Sruti Desai and Cheryl Delostrinos in ‘Girl Gods’ (photo by Jenny May Peterson, via redcat.org)
Derek Jarman’s Blue
When: Friday, November 4, 7:30pm
Where: Getty Center (1200 Getty Center Drive, Brentwood, Los Angeles)
Iconoclastic filmmaker Derek Jarman is known for his exuberant, often baroque films that combined classical sources like Shakespeare and Caravaggio with a punk sensibility. Made the year before his death from AIDS, Blue (1993) is composed of nothing more than a single shot of the titular color alongside poetic voiceovers and an ambient score by Simon Fisher Turner, Brian Eno, Momus, and Erik Satie. The Getty’s outdoor screening is a chance to see this meditative film with sweeping vistas of LA in the background. Screening is free, but advanced tickets are recommended.

Derek Jarman’s “Blue” (1993) at the J. Paul Getty Museum (via Facebook)
Guthrie Lonergan’s Early Videos and Websites
When: Opens Saturday, November 5, 6–8pm
Where: Honor Fraser Gallery (2622 S. La Cienega Boulevard, Culver City, California)

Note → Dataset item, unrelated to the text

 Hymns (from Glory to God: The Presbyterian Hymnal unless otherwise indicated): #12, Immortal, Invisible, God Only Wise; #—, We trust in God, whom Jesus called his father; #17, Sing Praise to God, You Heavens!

Guthrie Lonergan’s contribution to this year’s Made in L.A. was the sleeper hit of the show: M&M characters that popped up on the Hammer’s website to deliver cryptic artists’ statements. 2006, the artist’s first solo show, assembles Lonergan’s earliest videos and websites from a decade ago, reflecting a transitional time in the evolution of the internet. He will also transform the gallery into an e-waste collection site, where visitors can drop off their outdated technology — physical relics of our virtual world.

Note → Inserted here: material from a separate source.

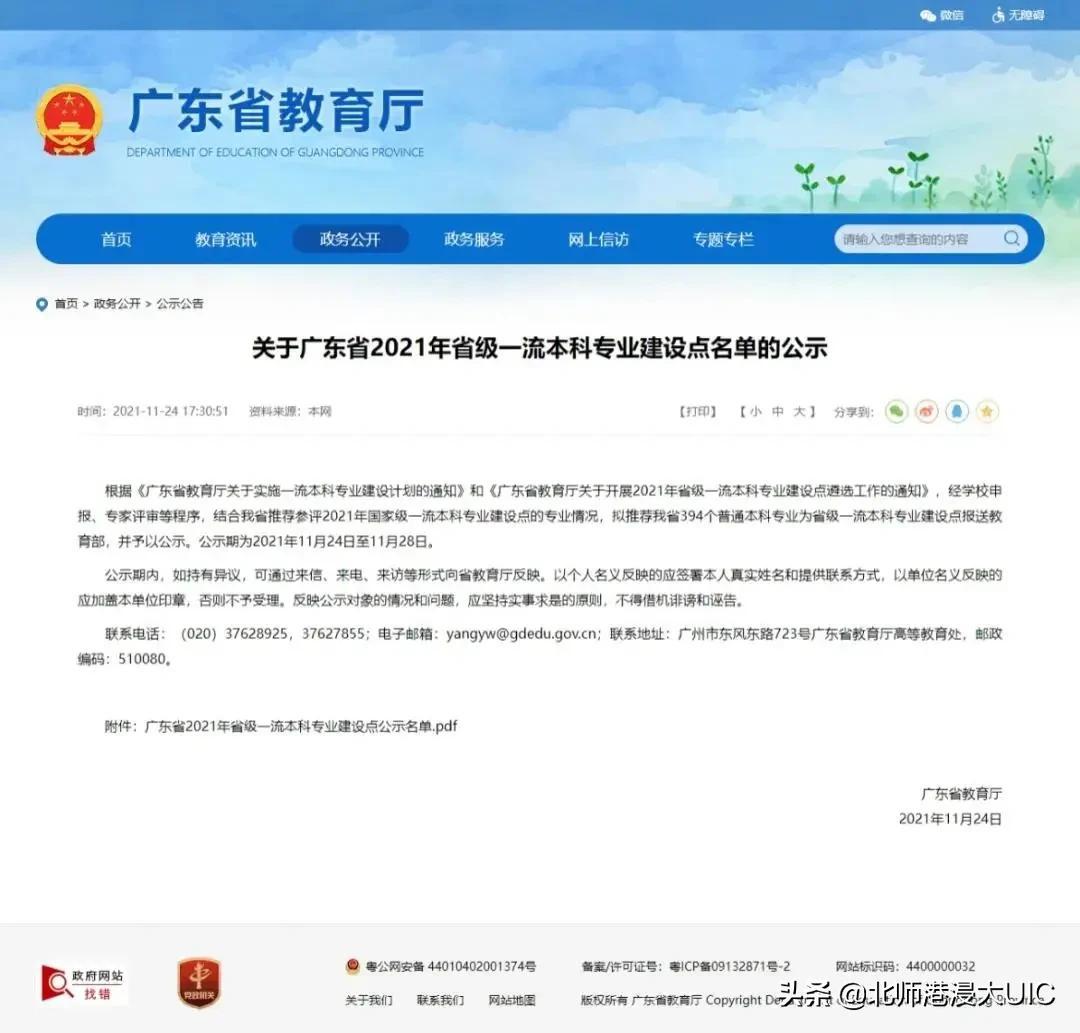近日,广东省教育厅网站公布了2021年省级一流本科专业建设点名单,北师港浸大(UIC)2个专业入选。自2020年起,UIC累计3个专业入选省一流专业建设点,分别为应用经济学专业、计算机科学与技术专业和去年上榜的统计学专业。这表明我校在学科建设、人才培养、师资水平、科技创新能力等方面进步显著。

Guthrie Lonergan, “Babies’ First Steps” (still) (2005), video, 4:07 (via honorfraser.com)
Playfully Dark Tapestries
When: Opens Saturday, November 5, 6–9pm
Where: Grice Bench (915 Mateo Street, #210, Downtown, Los Angeles)
Dating back to Ani Albers’s modernist weavings a century ago, artists have found textiles an ideal medium for geometric experimentation. Christina Forrer’s tapestries, however, convey more idiosyncratic scenes, portraying weirdos, loners, and monsters with both pathos and humor. She draws on a range of sources from Renaissance decoration, James Ensor’s grotesqueries, and Mike Kelley’s abject vision, to create works that are playfully dark.

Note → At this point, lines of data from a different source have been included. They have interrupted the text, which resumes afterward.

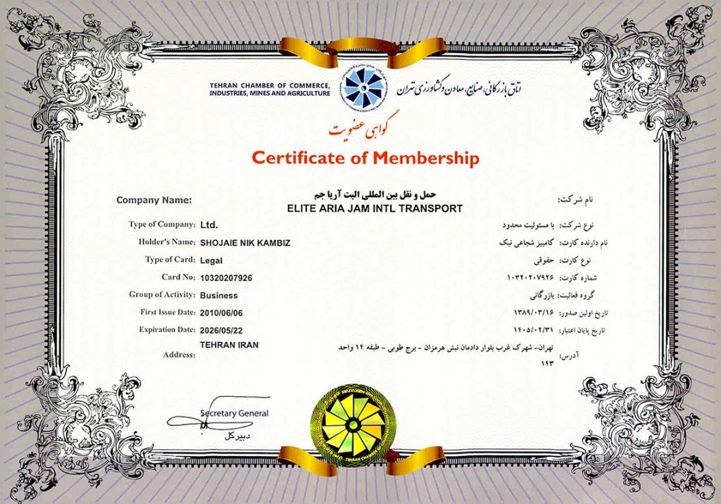 Membership in the Iranian Chamber of Commerce
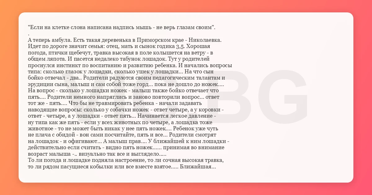"Если на клетке слона написана надпись мышь - не верь глазам своим". . А теперь амбула. Есть такая деревенька в Приморском крае - Николаевка. Идет по дороге значит семья: отец, мать и сынок годика 3,5. Хорошая погода, птички щебечут, травка высокая в поле колышется на ветру - в общем ляпота. И пасется недалеко табунок лошадок. Тут у родителей проснулся инстинкт по воспитанию и развитию ребенка. И начались вопросы типа: сколько глазок у лошадки, сколько ушек у лошадки... На что сын бойко отвечал - два.. Родители радуются своим педагогическим талантам и эрудиции сына, малыш и сам собой тоже горд... пока не дошло до ножек.... На вопрос - сколько у лошадки ножек - малыш также бойко отвечает что пять.... Родители немного напряглись и заново повторили вопрос... ответ тот же - пять.... Что бы не травмировать ребенка - начали задавать наводящие вопросы: сколько у собачки ножек - ответ четыре, а у коровки - ответ - четыре, а у лошадки - ответ пять... Начинается легкое давление - ну типа как же пять - если у всех животных по четыре, а лошадка тоже животное - то не может быть никак у нее пять ножек.... Ребенок уже чуть не плача с обидой - вон сами посчитайте, пять и все... Родители смотрят на лошадок - и офигивают... А малыш прав.... У ближайшей к ним лошадки - действительно если считать - видно пять ножек...... принимая во внимание возраст малыша -.. визуально так все и выглядело..... То ли погода и лошадке подняла настроение, то ли сочная высокая травка, то ли рядом пасущиеся кобылки или все вместе взятое..... Ближайшая лошадка - мальчиком оказалась... ну и природа наделила их там щедро... вот и малыш насчитал пятую ножку - травка та высокая и где она (ножка пятая) там заканчивается не видно......
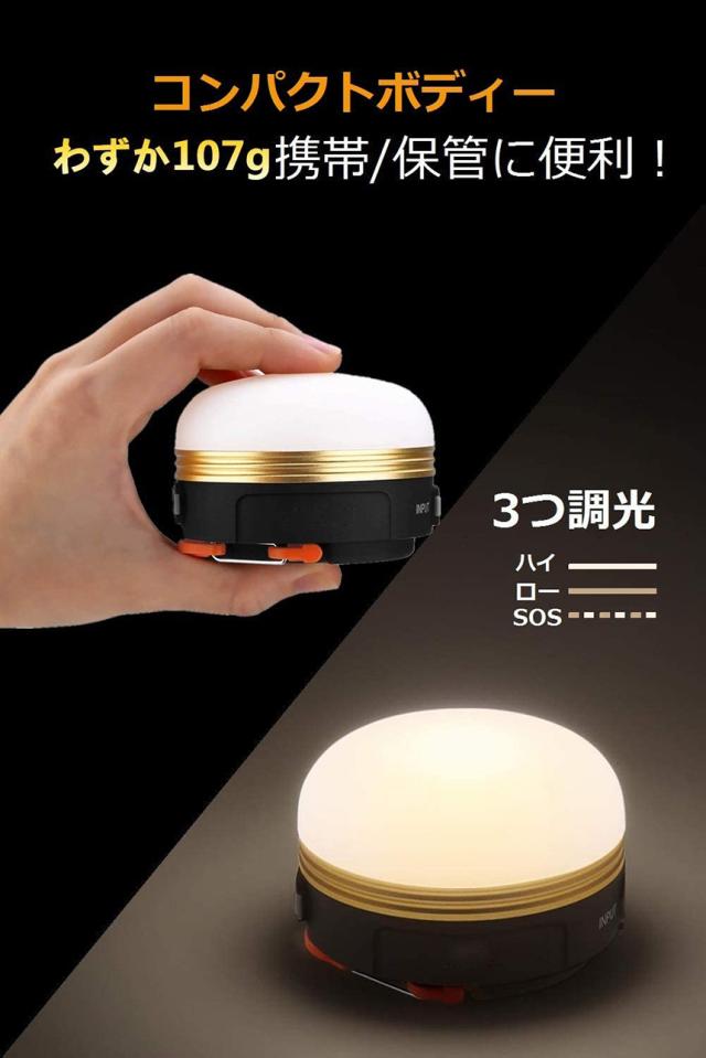 【小型かつ軽量】LEDランタンは直径70cm、高さ42cm、手のひらサイズのコンパクト設計。 小さく軽いので、アウトドア用としての持ち歩きや、非常時の持ち出し用にも便利です。三つ調光モードがあるので、強モード、弱モードSOS点滅モードも搭載、状況によって利用が可能です。
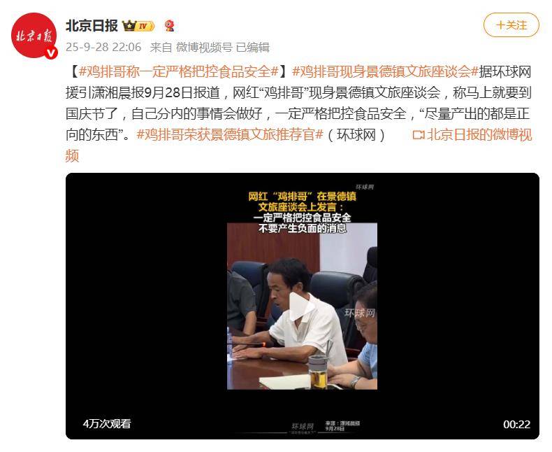 在9月28日的座谈会上,鸡排哥被正式授予“景德镇文旅推介官”称号,当场接过文旅局颁发的荣誉证书。面对国庆旅游高峰,他明确表态:首要任务是严格把控食品安全与卫生,每日公示检测报告,确保经营合规,并承诺“尽量产出正向内容”。

Work by Helen Pashgian (via peterblakegallery.com)
Helen Pashgian
When: Opens Saturday, November 5, 3:30–5:30pm
Where: Peter Blake Gallery (435 Ocean Ave., Laguna Beach, California)
Alongside Peter Alexander, DeWain Valentine, and Larry Bell, Helen Pashgian was a seminal figure of the Light and Space Movement. Emerging in the 1960s, these artists used industrial materials such as resins and plastics to capture the unique properties of Southern California’s atmosphere in sculptural form. Unlike her male colleagues, however, wide-spread recognition eluded Pashgian until fairly recently. The opening for her upcoming solo show will be preceded by a conversation at the Laguna Art Museum between her and gallerist Peter Blake.

Jack Smith, “I Was A Male Yvonne De Carlo” (still) (1967–70s) (copyright Jack Smith Archive, courtesy Gladstone Gallery, New York and Brussels, via humanresourcesla.com)
Jack Smith Rushes
When: Sunday, November 6, 7:30–9pm
Where: Human Resources (410 Cottage Home, Chinatown, Los Angeles)
Underground filmmaker Jack Smith influenced generations of aspiring directors and artists with his low-budget, camp aesthetic, among them Andy Warhol and John Waters. In conjunction with Barbara Gladstone Gallery and Dirty Looks, Human Resources will be screening never-before-seen 8mm rushes by Smith from the late ’60s through the late ’70s, alongside his short film “I Was A Male Yvonne DeCarlo” (1967–70s), highlighting an especially significant period in his career.